Parallel to all this John Holloway developed a growing international experience and reputation as a teacher. He has been Professor of Baroque Violin at the Guildhall School of Music and Drama in London, Guest Professor at the Schola Cantorum in Basel and at the Early Music Institute of Indiana University in Bloomington USA, and has taught masterclasses for violinists and chamber music groups throughout Europe and North America, and as far afield as Colombia, South Korea and New Zealand. 1999-2014 he was Professor of (modern) Violin and Chamber Music at the University of Music in Dresden, Germany. Here he was invited to set up a chamber orchestra program, conducting concerts for the Dresden Music Festival as well as performances of Britten’s “Albert Herring”. 2006-2012 he directed “Violin in Dresden”, an international violin competition alternating annually with masterclasses taught by distinguished guests who also served on the competition jury. For these juries Holloway introduced the then innovative idea of having equal numbers of violinists and such important personalities as radio producers, festival directors, artist managers, culture journalists.

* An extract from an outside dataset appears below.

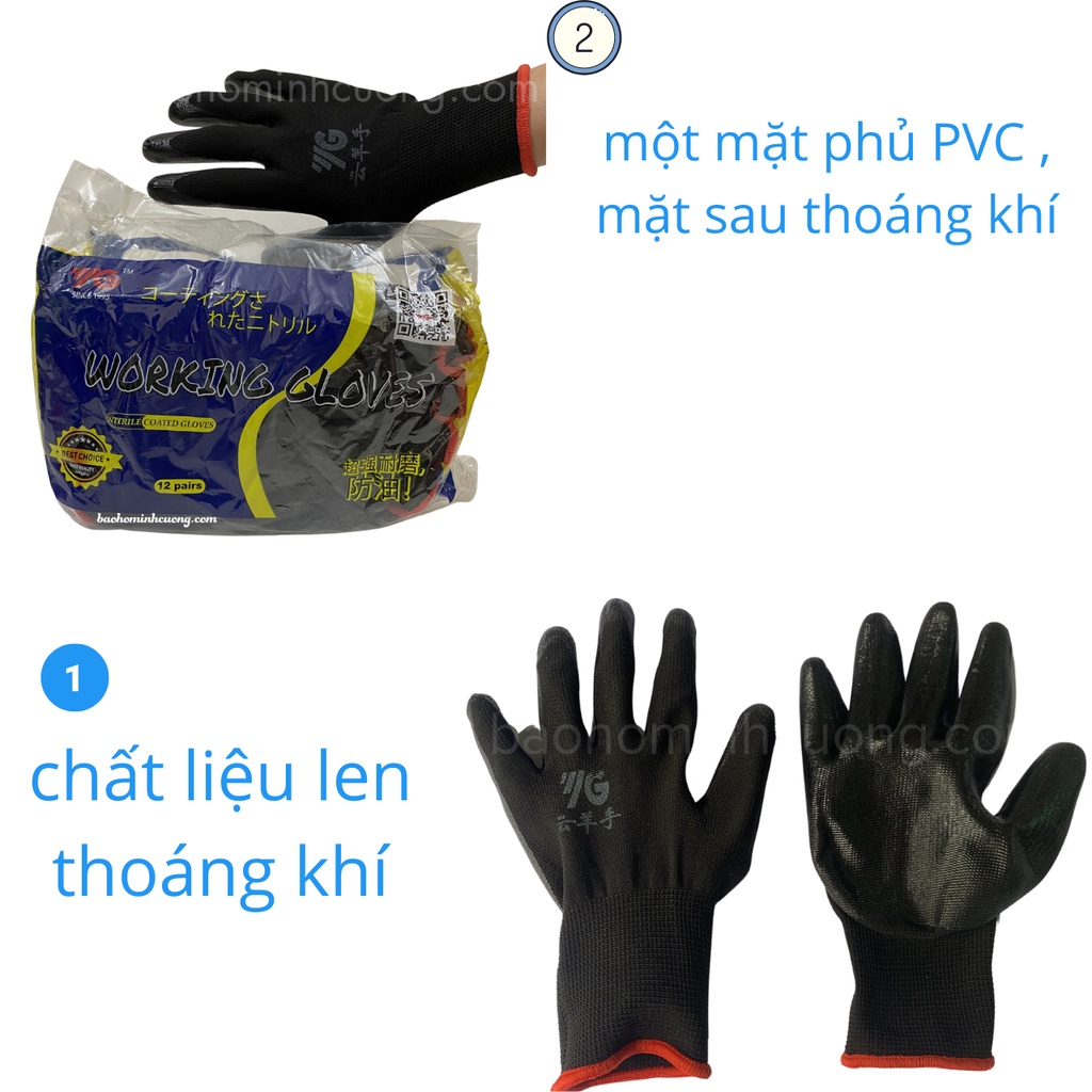 - Thiết kế: Thiết kế một mặt phủ PVC, mặt sau thoáng khí, vắt sổ cổ tay chắc chắn, dễ dàng thao tác

John Holloway is an enthusiastic and experienced speaker about music. He has given conference speeches to the European String Teachers’ Association in Germany (in German) and England, has given countless lecture-recitals, introduced concerts both live and online, and been the lecturer for culture travel groups visiting such events as the Dresden Music Festival. In 2004 he was Regents Lecturer at UC Berkeley, USA. Since retiring from the concert platform and recording studio some 60 years after his first public performances he has continued to teach and conduct, and has been developing a website devoted to the Sonatas and Partitas for solo violin by Bach.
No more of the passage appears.